Data excerpts:
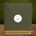 Naklejka na kopertę w kształcie kółeczka. Wykonana z papieru takiego jak użyty w zaproszeniach.W przykładzie koperta w kolorze zieleni butelkowej. Motyw gałązki eukaliptusa na naklejce. |
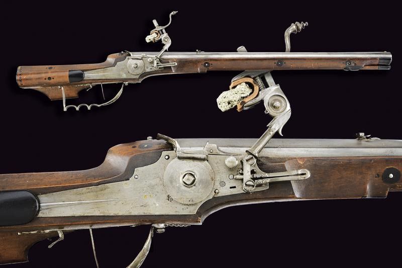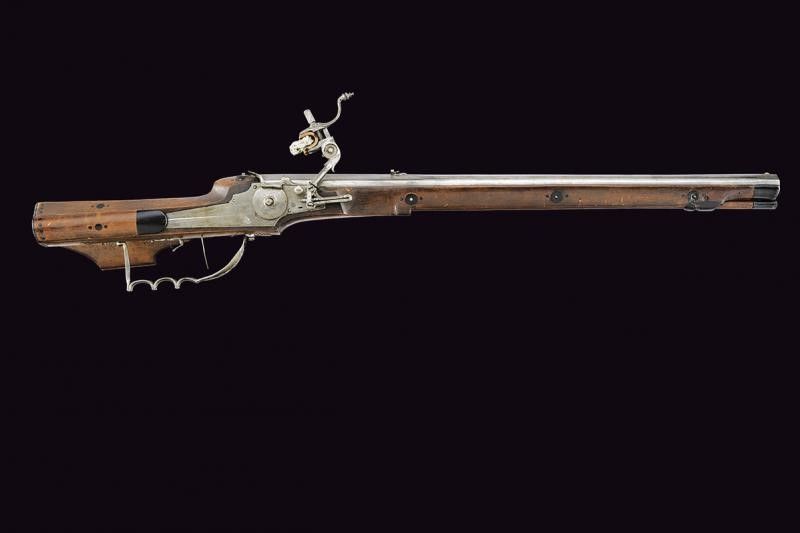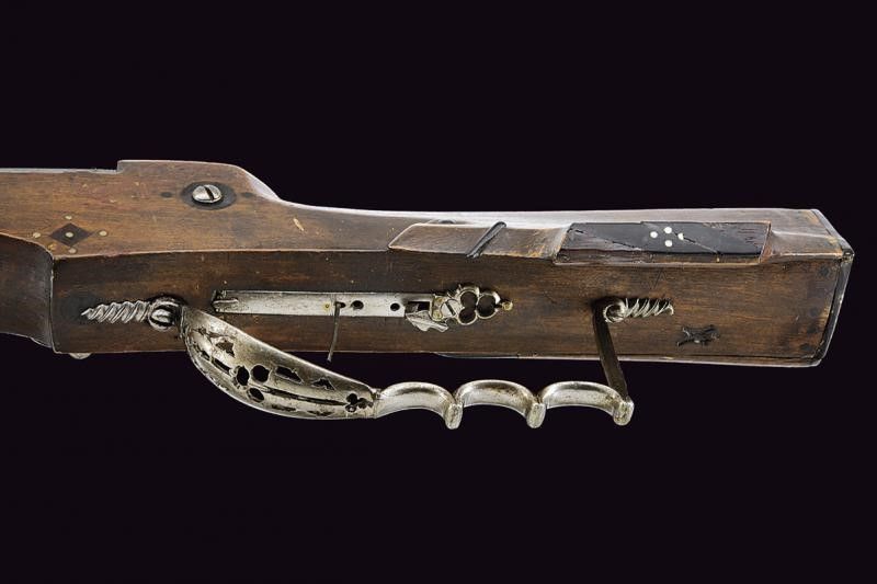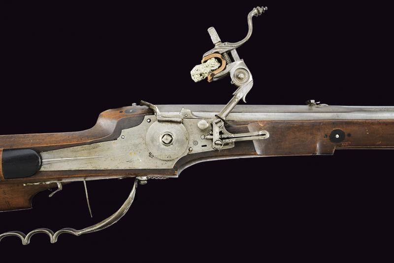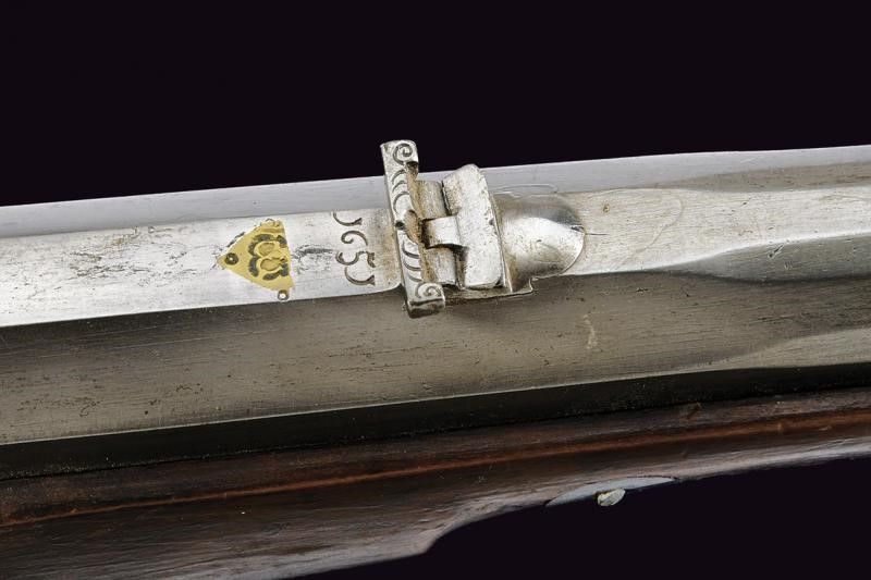 1651 Pesante canna rigata a tre ordini, la prima parte ottagonale con lunga scanalatura che parte dalla codetta, dopo una marca dell'armaiolo rimessa in ottone e la data '1651', alzo variabile leggermente inciso, in seguito a sedici facce ed infine alla volata nuovamente ottagonale, mirino in ottone, cal. 16 mm. Batteria a ruota esterna con cartella piatta decorata con una duplice scanalatura che parte da un punto in comune e si allarga, vicino alla ruota la stessa marca dell'armaiolo; cane e molla intagliati, scodellino con copriscodellino scorrevole e parascintille. Cassa intera in legno decorato con placche in corno nero; patch-box fisso (da liberare); sotto il calcio un punzone a fuoco a forma di due pesci speculari e con numero di inventario '5'. Ponticello anatomico e traforato a motivi geometrici. Grilletto con stecher funzionate. Bacchetta in legno. Questo lotto è importato da un Paese extra UE e comporta una tassazione aggiuntiva rispetto alla commissione della casa d'aste e alla tassa sul servizio. Di conseguenza, la commissione totale, comprensiva di tutte le tasse, ammonta al 35%.
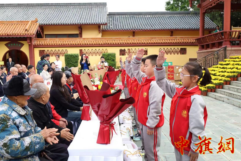 中国战略与管理研究会志愿军研究分会会长、志愿军第二任司令员兼政委邓华上将之子邓穗,志愿军研究分会常务副会长肖平,志愿军研究分会副会长、空军首任司令员刘亚楼上将之子刘煜滨,志愿军研究分会副会长、志愿军38军军长梁兴初中将之子梁晓东,志愿军精神宣讲团成员、志愿军首任司令员兼政委彭德怀元帅侄孙彭宇等,现场向10位志愿军老战士赠送了慰问品,少先队员们怀着崇敬的心情,欢快地向志愿军老战士敬献鲜花。
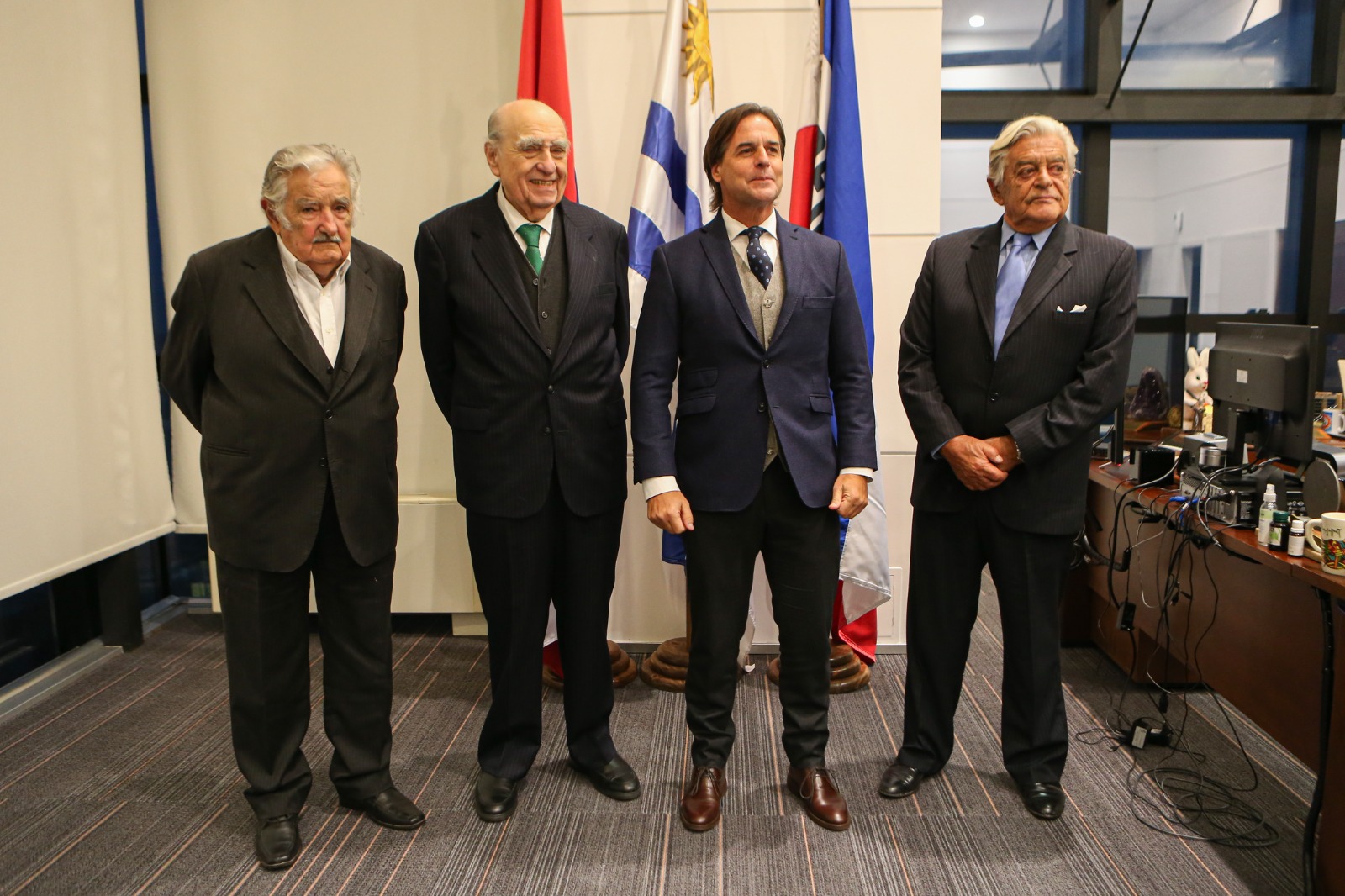 El actual mandatario, Luis Lacalle Pou, y sus predecesores Julio María Sanguinetti, José Mujica y Luis Alberto Lacalle Herrera defendieron la democracia en la Torre Ejecutiva, sede del Gobierno de Montevideo
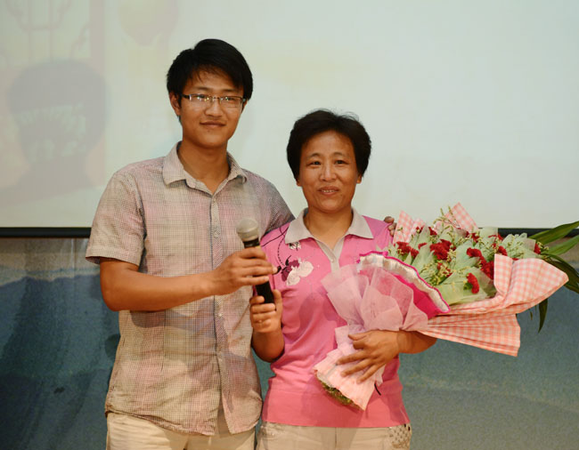 送吉祥:马小坤向妈妈送上鲜花
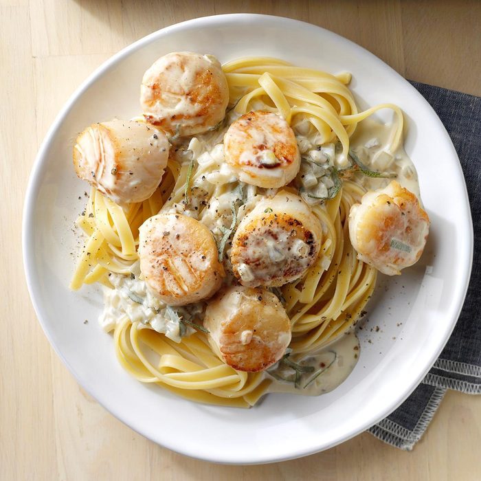 I wanted to show off the ocean freshness of the scallops I bought on the dock from a local fisherman, so I used basic ingredients to complement them. With sage and shallots, this is the best cream sauce for scallops I've found. —Joan Churchill, Dover, New Hampshire
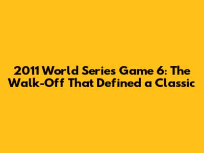 - A Game for the Ages: Game 6 of the 2011 World Series is a testament to the beauty and drama of baseball. It's a game that will be talked about for generations.
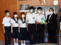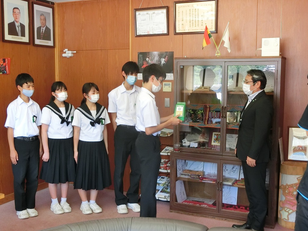 昨年度後期役員と今年度前期役員が中心となって取り組んだ緑の羽根募金。臨時休業中の登校日、再開後の朝の時間を使って、全校生徒、全教職員に募ったものです。役場経済課のはからいで、村上町長さんに直接手渡す機会をつくっていただきました。5人の役員が町長室で、町長さんと親しくお話をしながら、貴重なひとときを過ごしました。
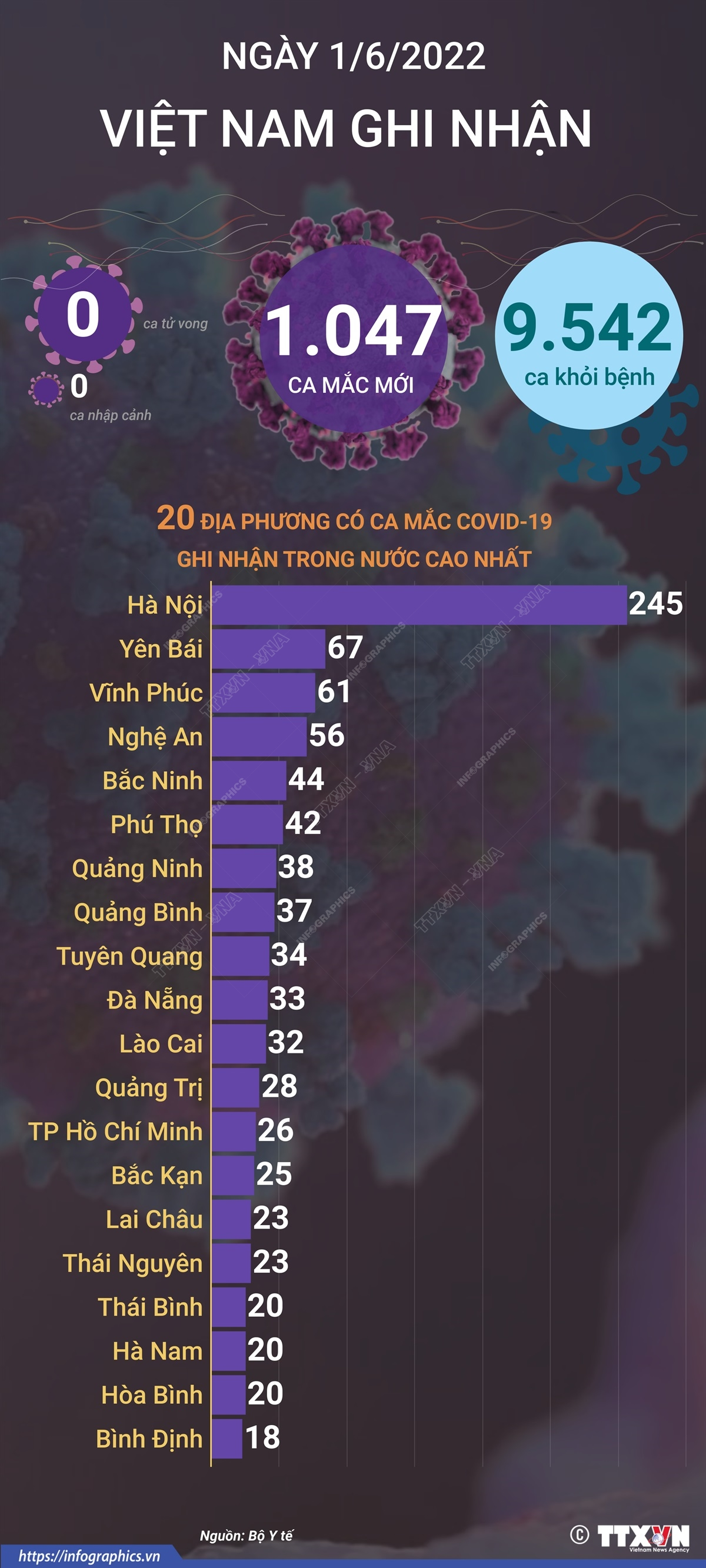 Theo Bộ Y tế, tính từ 16h ngày 31/5 đến 16h ngày 1/6/2022, Việt Nam ghi nhận 1.047 ca mắc mới COVID-19 tại 40 tỉnh, thành phố

YOUR INSTRUCTIONS:
Without including any picture, set down every line above exactly as it stands.

EXERCISE RESPONSE:
 Naklejka na kopertę w kształcie kółeczka. Wykonana z papieru takiego jak użyty w zaproszeniach.W przykładzie koperta w kolorze zieleni butelkowej. Motyw gałązki eukaliptusa na naklejce. |
 1651 Pesante canna rigata a tre ordini, la prima parte ottagonale con lunga scanalatura che parte dalla codetta, dopo una marca dell'armaiolo rimessa in ottone e la data '1651', alzo variabile leggermente inciso, in seguito a sedici facce ed infine alla volata nuovamente ottagonale, mirino in ottone, cal. 16 mm. Batteria a ruota esterna con cartella piatta decorata con una duplice scanalatura che parte da un punto in comune e si allarga, vicino alla ruota la stessa marca dell'armaiolo; cane e molla intagliati, scodellino con copriscodellino scorrevole e parascintille. Cassa intera in legno decorato con placche in corno nero; patch-box fisso (da liberare); sotto il calcio un punzone a fuoco a forma di due pesci speculari e con numero di inventario '5'. Ponticello anatomico e traforato a motivi geometrici. Grilletto con stecher funzionate. Bacchetta in legno. Questo lotto è importato da un Paese extra UE e comporta una tassazione aggiuntiva rispetto alla commissione della casa d'aste e alla tassa sul servizio. Di conseguenza, la commissione totale, comprensiva di tutte le tasse, ammonta al 35%.
 中国战略与管理研究会志愿军研究分会会长、志愿军第二任司令员兼政委邓华上将之子邓穗,志愿军研究分会常务副会长肖平,志愿军研究分会副会长、空军首任司令员刘亚楼上将之子刘煜滨,志愿军研究分会副会长、志愿军38军军长梁兴初中将之子梁晓东,志愿军精神宣讲团成员、志愿军首任司令员兼政委彭德怀元帅侄孙彭宇等,现场向10位志愿军老战士赠送了慰问品,少先队员们怀着崇敬的心情,欢快地向志愿军老战士敬献鲜花。
 El actual mandatario, Luis Lacalle Pou, y sus predecesores Julio María Sanguinetti, José Mujica y Luis Alberto Lacalle Herrera defendieron la democracia en la Torre Ejecutiva, sede del Gobierno de Montevideo
 送吉祥:马小坤向妈妈送上鲜花
 I wanted to show off the ocean freshness of the scallops I bought on the dock from a local fisherman, so I used basic ingredients to complement them. With sage and shallots, this is the best cream sauce for scallops I've found. —Joan Churchill, Dover, New Hampshire
 - A Game for the Ages: Game 6 of the 2011 World Series is a testament to the beauty and drama of baseball. It's a game that will be talked about for generations.
 昨年度後期役員と今年度前期役員が中心となって取り組んだ緑の羽根募金。臨時休業中の登校日、再開後の朝の時間を使って、全校生徒、全教職員に募ったものです。役場経済課のはからいで、村上町長さんに直接手渡す機会をつくっていただきました。5人の役員が町長室で、町長さんと親しくお話をしながら、貴重なひとときを過ごしました。
 Theo Bộ Y tế, tính từ 16h ngày 31/5 đến 16h ngày 1/6/2022, Việt Nam ghi nhận 1.047 ca mắc mới COVID-19 tại 40 tỉnh, thành phố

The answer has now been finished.